Pufferfish are among
the most popular
oddball fishes for freshwater
and brackish-water aquaria.
They are very entertaining fish, full
of life and constantly on the
move. Most also seem to be
quite intelligent, quickly
learning to recognize
their owners and often
becoming tame enough
to be hand fed. While
puffers can be fussy
about water chemistry
and filtration, they
are otherwise very
adaptable and present
the aquarist with few
serious problems. In
fact, the most widely
traded species can be
considered hardy and easy to
keep. The icing on the cake is
that pufferfish are very effective
snail destroyers, and a tank with
a pufferfish in it is a tank without
pesky snails.
In short, puffers are cute, hardy,
and useful fish for the home aquarium.
So why doesn’t every aquarist keep
them? The main problem with puffers is
their behavior; they may look sweet, but
many are surprisingly temperamental, while
others like to bite chunks out of the fins of
slow-moving tankmates. Some species are very
tolerant and accommodating while young, but
become much more solitary and aggressive as they
mature. Complicating matters further is that their social
behavior can be unpredictable, even within species, and
many aquarists have watched a seemingly well-behaved
pufferfish turn into a psychotic killer overnight.

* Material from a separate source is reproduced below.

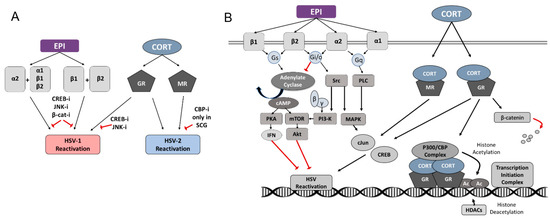 Adrenergic and glucocorticoid signaling pathways and HSV reactivation pathways. (A) Epinephrine (EPI) induces HSV-1 reactivation through the activation of α2 and any other AR, or through the activation of β1 and β2, which can be blocked by the inhibitors of CREB, JNK, or β-catenin. Corticosterone (CORT) induces HSV-1 reactivation through the glucocorticoid receptor (GR), which can be blocked by the inhibitors of CREB or JNK. CORT induces HSV-2 reactivation through either glucocorticoid (GR) or mineralocorticoid (MR) receptors; the only factor we identified able to block HSV-2 reactivation was a CBP inhibitor, and only in SCG neurons. (B) Epinephrine (EPI) activates multiple adrenergic receptors on peripheral neurons (α1, α2, β1, β2), which couple with different G-protein α subunits (Gq, Gi/o, Gs), which can activate different signaling cascades. Corticosterone (CORT) activates signaling cascades through cytosolic glucocorticoid (GR) and mineralocorticoid (MR) receptors. Cytosolic effector proteins and transcription factors mediated by EPI and CORT signaling include adenylate cyclase, cyclic AMP (cAMP), protein kinase A (PKA), interferons (IFN), the mechanistic target of rapamycin (mTOR), protein kinase B (Akt), protein kinase Src, phosphoinositide 3-kinase (PI3-K), phospholipase C (PLC), mitogen-activated protein kinases (MAPKs), c-Jun, cAMP response element-binding protein (CREB), CREB binding protein (CBP), p300/CBP Complex, histone deacetylases (HDACs), and β-catenin. Black arrows indicate stimulation or activation; red arrows indicate inhibition.
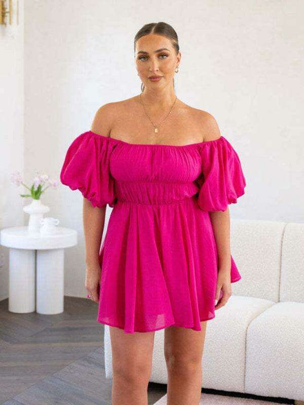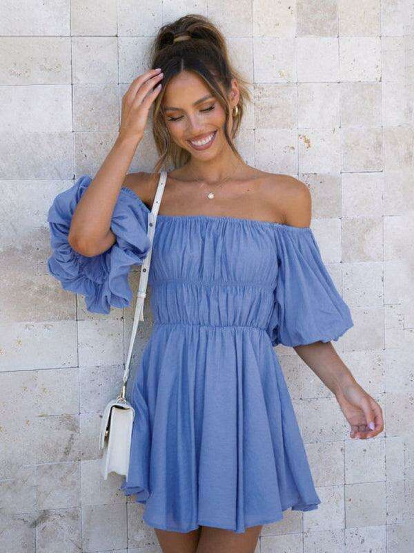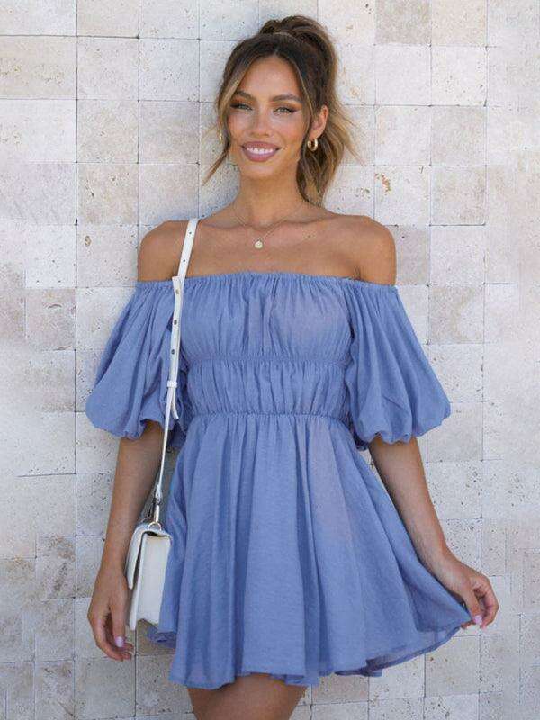 Chic One-Shoulder Boho Mini Dress with Comfortable Elastic Waistband

Is My Puffer Aggressive or Hungry?
Not all species of pufferfish have the same reasons for biting their
tankmates. Some take nips out of all sorts of things because they’re hungry.
In the wild, puffers scour plants and rocky areas looking for their preferred
prey, and in the process they take experimental bites out of anything that looks
edible. Anyone who has kept pufferfish will recall their intensely curious behavior,
swimming up and down plants and into caves as they examine every inch of the
aquarium for food. While this is a useful behavior in their natural habitat, in captivity it
can lead to bad habits like taking chunks out of plastic tubing, destruction of plants, and yes,
fin-nipping.
However, other puffers, particularly the small freshwater species of the genus Carinotetraodon,
fiercely defend their territories. They will attack tankmates not out of hunger, but out of anger.
Superficially, this would appear easy enough to work around: simply give the fish enough space that it
doesn’t feel that its territory is threatened. In practice though, these small pufferfish are rarely kept in large
enough aquaria for this to be a viable solution. After all, who’s going to set aside 40 gallons for a fish little
bigger than a neon tetra?
A few puffers appear to be dedicated fin-nippers, viewing the bodies of larger or slow-moving fish
as nothing more than “sushi on the go.” These fish are very difficult to keep in community tanks.